SELLERSBURG —
In just a few clicks, Susan Priest found bank accounts she forgot she had opened.
While the $25 plus interest in the two accounts she started for her grandchildren won’t put them through college, it was an exciting discovery, she said.
“I probably would have never looked,” she said. “I had forgot that I had even done it.”
Priest found the money as part of an event held by Attorney General Greg Zoeller to explain the state’s unclaimed property program and search options at Ivy Tech Community College on Wednesday.
Showing people how to find unclaimed property is the most fun part about being attorney general, Zoeller said, and it allows him to help citizens in a different way.
“I have a mission to serve individuals,” he said. “It’s an effort to return funds to the rightful owners.”
Unclaimed property includes investment earnings, insurance proceeds and benefits, wages and money from bank accounts. It does not include real estate, abandoned vehicles or other such items.
There is about $4 million in claimable property from Clark County and about $2.76 million from Floyd County. In total, there is $350 million in unclaimed property statewide.

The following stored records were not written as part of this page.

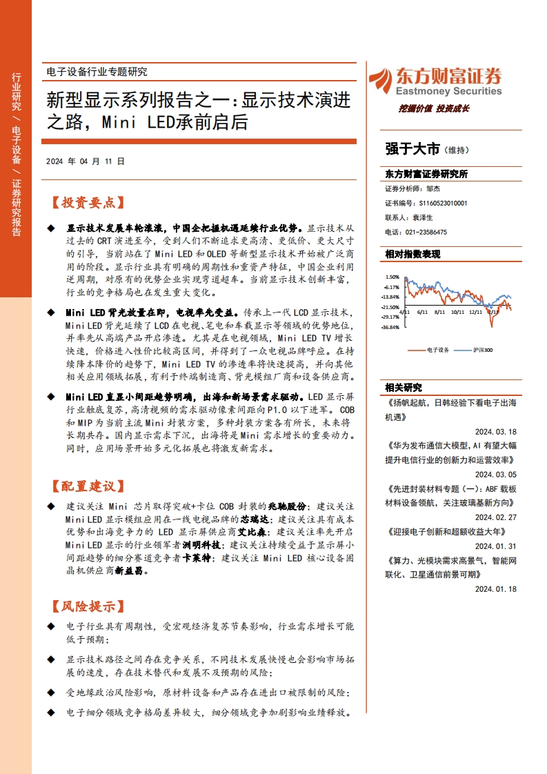 2024-04-11-東方財富證券--電子設(shè)備行業(yè)專題研究:新型顯示系列報告之一:顯示技術(shù)演進之路,Mini LED承前啟后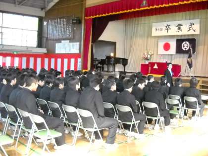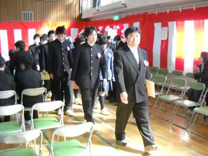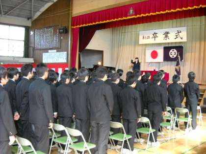 4クラスの入場後、東北地方の大震災で犠牲になった方々の冥福を祈り、黙祷を行った後、開式しました。国家と校歌の斉唱です。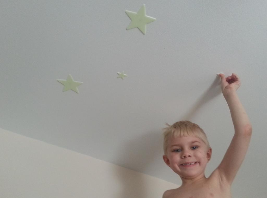 We bought Disney Specialty Paint by Glidden at Walmart. The paint is called “Ready, Set, Glow!”. It is a solar-powered, glow in the dark paint finish that can be used on top of a solid wall color to bring wall art to life in the dark. The glow in the dark paint finish only glows for 5 to 10 minutes or so at a time, so it won’t stretch out bedtime!

Once people find property, they fill out a mail-in form to claim the money. About $44.3 million was returned to Hoosiers last year.
Zoeller also used the visit to roll out an Indiana Unclaimed mobile app that he said will spread awareness about the program to tech-savvy users and hopefully encourage them to look for themselves and others.
He said it will hopefully increase the return rate.
“If I can get it to spread virally, it can help me do my job,” he said.
Lenae Kavanaugh found dividends owed to her in-laws totaling about $80. She said she never knew the search was available and was glad to both learn about it and turn up some money.
“The more people know about it, the more apt they are to look,” she said.
Brookelynn Guthrie didn’t strike gold, but she said she would tell her friends about the site.
“It doesn’t cost anything to look,” she said.
Zoeller said he always reminds people to search the database not only for themselves, but for others.
“In Indiana, we’re Hoosiers,” he said, “and Hoosiers are very friendly, so we make sure we find money for our neighbors.”